Unfortunately, Pugach said, “this approach protracts efforts to finalize year-long spending bills and provide multiyear extensions for expiring health care programs like the National Health Service Corps. It also extends the risk of a potential government shutdown along with potential cuts to federal health care programs.”

Among the crucial programs at stake in the upcoming budget talks are the Community Health Centers, the National Health Service Corps, and the Teaching Health Center Graduate Medical Education program. Their funding expires Jan. 19, and the rest of the Department of Health and Human Services is funded through Feb. 2.

One glimmer of good news is that while Congress continues to work on the federal budget, the planned implementation of the new G2211 code, a top priority for ACP, has less risk of being halted.

“One thing that Congress must do every year is pass appropriations legislation to fund the federal government. These bills often serve as a vehicle for other legislation that congressional leaders want to see enacted into law,” Pugach said. “Passage of a continuing resolution with deadlines in early 2024 takes away one of the most likely legislative vehicles for advancing other bills. This includes legislative efforts to block the implementation of G2211.”

However, he cautioned “this does not mean that the threat to G2211 has ended. We still may see legislation move through Congress in December, such as a bill that addresses expiring tax provisions or disaster relief. This legislation could be used as a vehicle for moving other legislation that congressional leaders agree to include. Therefore, it is important that members of Congress continue to hear from internal medicine physicians in their communities about the importance of this code.”

On another front, “likely opportunities to advance a Medicare Physician Fee Schedule fix to address the impending cut are more limited now that appropriations legislation is shifted into next year,” Pugach said. “However, Congress could attach legislation to another bill that is intended to pass both the House and Senate and the president will sign into law before Jan. 1. If there is such an opportunity, we want to make sure that physician payment is prioritized for inclusion.”

ACP is also expressing strong support for the Better Mental Health Care, Lower-Cost Drugs and Extenders Act, which would reduce the across-the-board cut to Medicare physician payment rates scheduled for 2024. It would also provide an incentive payment for physicians qualifying as participants in Alternative Payment Models for payment year 2026.

“ACP is also pleased to see that this legislation includes bonus payments for physicians who treat mental health and substance use disorders furnished in mental health professional shortage areas,” Pugach said.

In addition, ACP is applauding the House Energy & Commerce Subcommittee on Health, which advanced a legislative package that intends to stabilize Medicare payment rates plus the Improving Seniors' Timely Access to Care Act, which is a prior authorization reform bill.

“It is not yet known when the full committee and the full House will vote on this package and other pending health care legislation,” Pugach said. “The good news is that we are seeing a high level of activity relating to issues that impact patient care.

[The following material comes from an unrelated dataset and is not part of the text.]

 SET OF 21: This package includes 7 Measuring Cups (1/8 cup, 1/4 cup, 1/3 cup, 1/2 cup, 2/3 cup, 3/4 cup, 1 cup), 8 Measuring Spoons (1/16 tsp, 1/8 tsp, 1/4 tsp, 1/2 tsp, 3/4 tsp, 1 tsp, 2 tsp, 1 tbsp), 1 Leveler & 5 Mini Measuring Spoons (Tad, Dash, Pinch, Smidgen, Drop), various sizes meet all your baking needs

House and Senate committees have taken up legislation intended to improve physician payment, reduce administrative burden, improve access to behavioral health care and increase pharmacy benefit manager transparency, along with a number of other issues.”

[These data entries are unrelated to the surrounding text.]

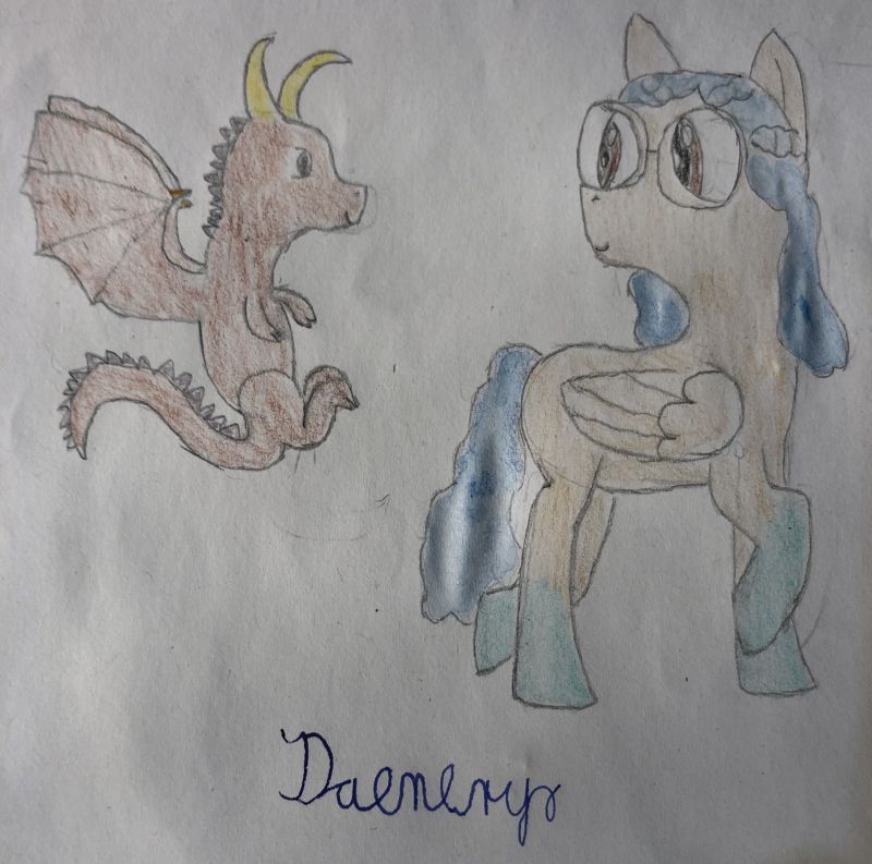 Sicer sem te hotela narisat jutri ampak, potem sem začela risat in se nisem mogla ustaviti:smirk:. Zato torej tukaj je tvoj poni, pobarvala sem ti ga po željah, upam, da se barve v redu prelivajo. Sem pa videla, da imaš rada zmaje:dragon: in sem ti dodala enega za družbo:wink: ( prvič rišem zmaja, oprosti, če je čuden), frizuro pa sem poskušala narediti podobno tvoji princesji soimenjakinji ampak ne vem, če mi je uspelo.
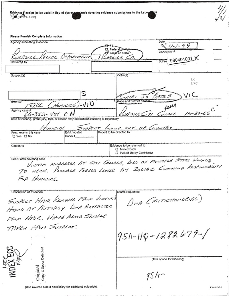Also in regards to the evidence pointing to the Zodiac Killer/Ted Kaczynski as a suspect in the Tylenol Murders, if the FBI wants to actually solve that case they could easily compare the DNA here in the Bates case, which is very likely the genetic profile of the Zodiac Killer (and IMO also Ted Kaczynski), to the DNA they have in the Tylenol case.
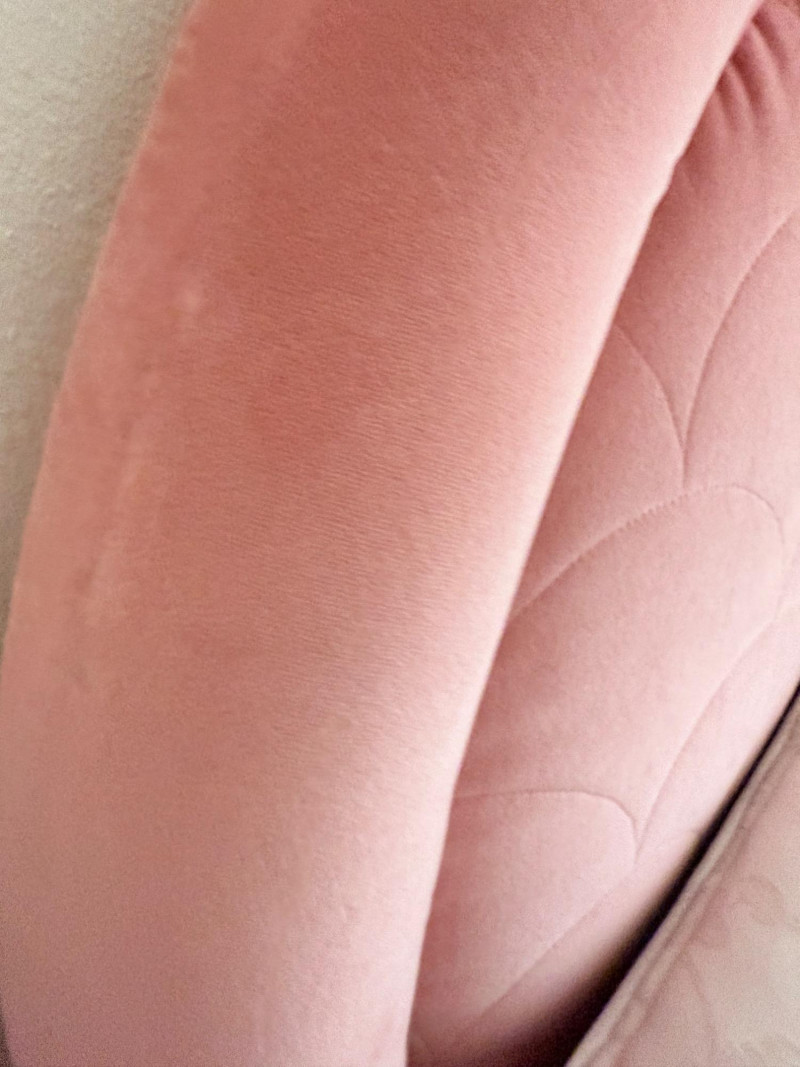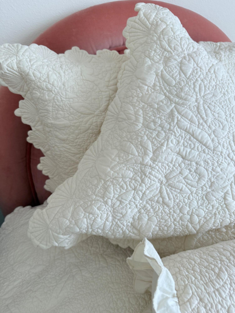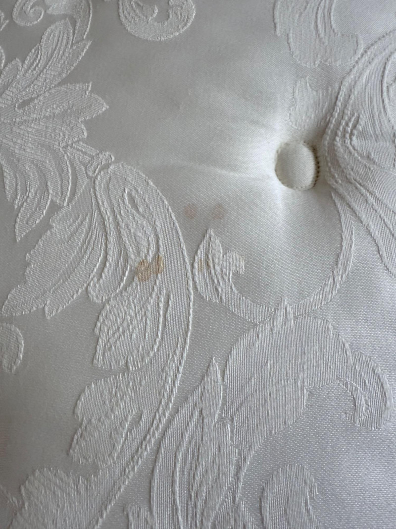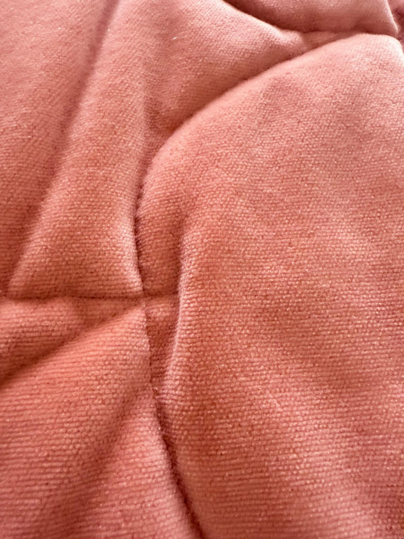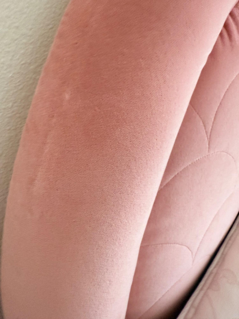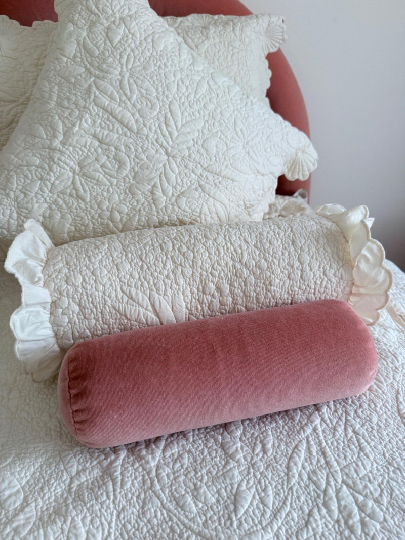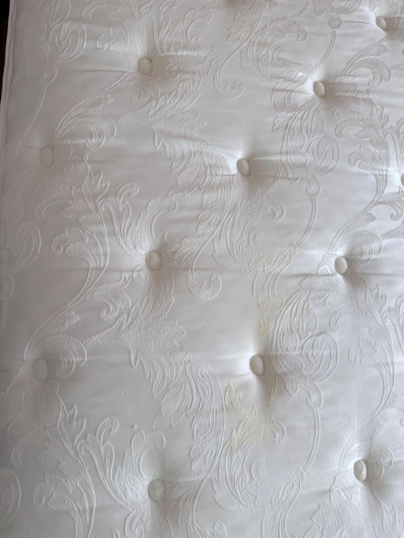 Twin Bed with Headboard and Bedding Ensemble Twin-size bed with an arched upholstered headboard in soft fabric. The mattress is a Beautyrest World Class “Do-Not-Disturb” model with pocketed coil springs. It is layered with a cotton quilt by Linensource, made in India, with stitched floral patterns. A scallop-patterned pink comforter is folded at the foot, and a matching skirt hangs below the mattress. The bedding includes four pillows: two square shams with tassels, one cylindrical cushion, and one matching accent pillow. A floral fitted sheet and foam padding are also included. Mattress Brand: Beautyrest World Class Approximate Dimensions:

He added: “Still to be determined is what is ultimately included, how the House and Senate reconcile the differences between their chambers' various efforts and the timing for action. What is important is that there is a significant opportunity to advance policies that could provide meaningful improvements for physicians and patients. It is important that ACP members stay engaged with their members of Congress and keep making their voices heard on these issues.”